• BRIEF: Copy word for word, please, the lines of the entries below running from the one containing "100KW康明斯静音柴油发电" to the one containing "户型设计:99-143㎡(9", both ends included.

** Opening SOURCE DATA block **

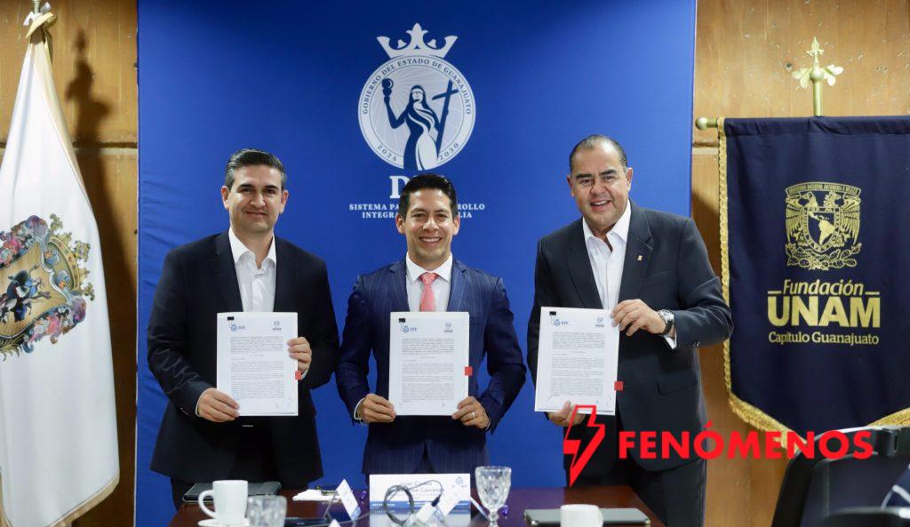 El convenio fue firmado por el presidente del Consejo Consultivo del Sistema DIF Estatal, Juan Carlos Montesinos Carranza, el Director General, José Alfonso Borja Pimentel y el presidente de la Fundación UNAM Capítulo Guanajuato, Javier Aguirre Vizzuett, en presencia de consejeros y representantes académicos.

** Closing SOURCE DATA block **
** Opening SOURCE DATA block **

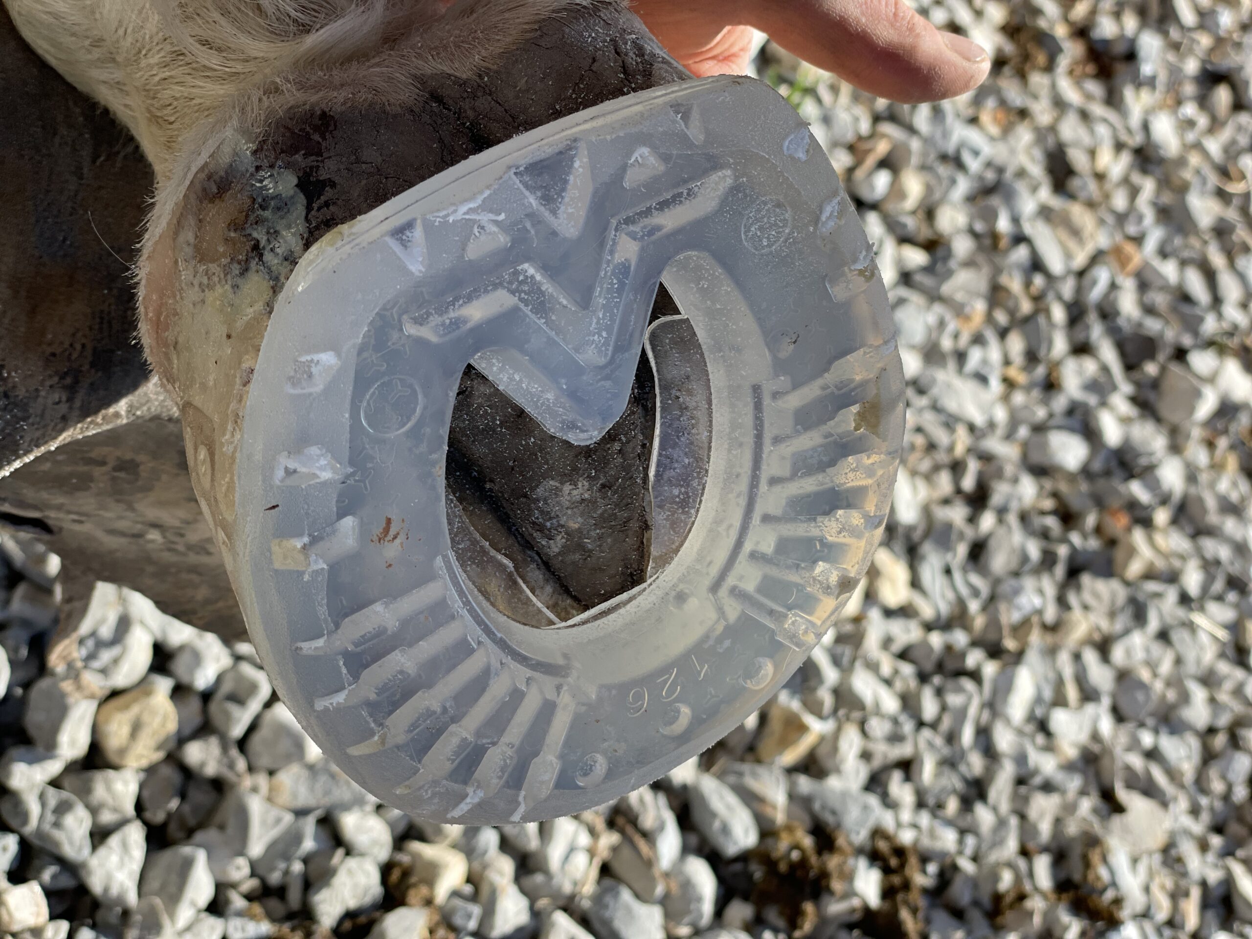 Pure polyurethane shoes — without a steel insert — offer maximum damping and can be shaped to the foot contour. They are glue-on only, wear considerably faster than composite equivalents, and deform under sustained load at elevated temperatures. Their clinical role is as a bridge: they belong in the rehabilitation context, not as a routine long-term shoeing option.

** Closing SOURCE DATA block **
** Opening SOURCE DATA block **

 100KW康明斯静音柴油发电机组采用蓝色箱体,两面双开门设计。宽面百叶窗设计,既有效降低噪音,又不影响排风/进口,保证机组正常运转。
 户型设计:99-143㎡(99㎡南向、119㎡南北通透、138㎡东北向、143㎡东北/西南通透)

** Closing SOURCE DATA block **

• OUTPUT BELOW:
 100KW康明斯静音柴油发电机组采用蓝色箱体,两面双开门设计。宽面百叶窗设计,既有效降低噪音,又不影响排风/进口,保证机组正常运转。
 户型设计:99-143㎡(99㎡南向、119㎡南北通透、138㎡东北向、143㎡东北/西南通透)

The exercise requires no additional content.